There was a time- when I would not leave the house without makeup, my hair curled and an outfit that did me more benefit than not. This was for most of my life… If not me, then my mother insuring I was presentable when I went anywhere– work, school, social events, shopping.
That’s why I find this time in my life so amazing. I have all the time in the world- though I stay busy, and this is what I looked like when I left the house just before 7:00 am yesterday morning to go to Lowes [hardware store].
I got up around 2:00 am yesterday morning and went down around 4:30 am to do my first 3.2 mile session on my elliptical.
I then changed my top and sneakers [for black combat boots], put on earrings and a watch and went to Lowes. What did I need?
For my elliptical which I have nicknamed Sam.
I use the straw to spray just a little silicone in the joints at least once a day and I have absolutely no problems with “sam”.
That said– yesterday when I returned from Lowes, I had a mini bagel with cream cheese and jam, a cup of coffee with half and half and for some reason it made me feel a little bad. I fell asleep for a hot second. Then I got back on the elliptical around 11:00 for another half hour session and felt bad again.
I was feeling okay by 6:00 pm when I normally do my last session of the day– however for some reason I just did not want to go down and do more exercise. I am getting ready to go down now..

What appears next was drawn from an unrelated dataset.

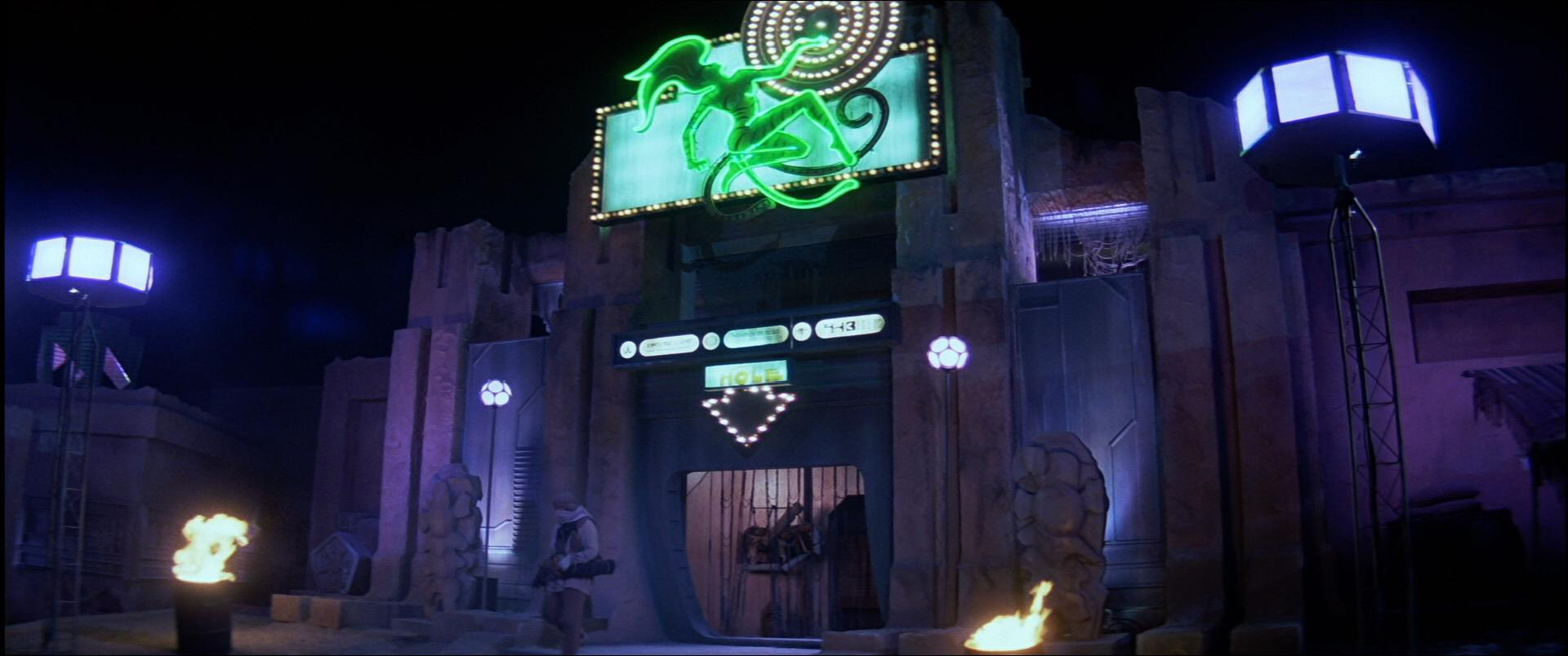 According to the text commentary in the film's Special Edition DVD, "The green neon sign was designed by art director Nilo Rodis-Jamero," and continued to note that "Below the big neon sign are three smaller signs welcoming visitors in Klingon, English, and Romulan."

Food tampering? Yes, I believe that was the problem… FBI– this is unfair.. I said no. I got up at 2:00 and that’s why I was tired? I know the difference between a tired nap and one induced by some sort of drug. I awake feeling groggy. To much surveillance and I am owed a clean shot.. not more maiming and idiots trying to steal from me.
By the way– tell the boys to save their long looks for a pussy that scares.. I don’t.
And girls/women you think I am the idiot that needs your help? When I tell you no– hear no. Do not make me tell you twice… and bitch– I do not care who you are… This is not a game… and I am tired of idiots all over me pretending as if they could have walked in my shoes for these past 15 years and done the work I have done.
Get your hand out of my pocket and your filth away from me. NOT KIDDING.
And black girl.. save your shit for someone else. It amazes me you think you should run my show– yet legitimate help I could give you– you are to afraid to ask for.. white chump might hurt you… You should be more concerned with me and not a pussy…
Bitches– I am tired of you thinking I am your game… I came from the White Pentagon with clearances from the white fbi.. I worked with white men.. unless you need my services… do not and I mean do not play with me.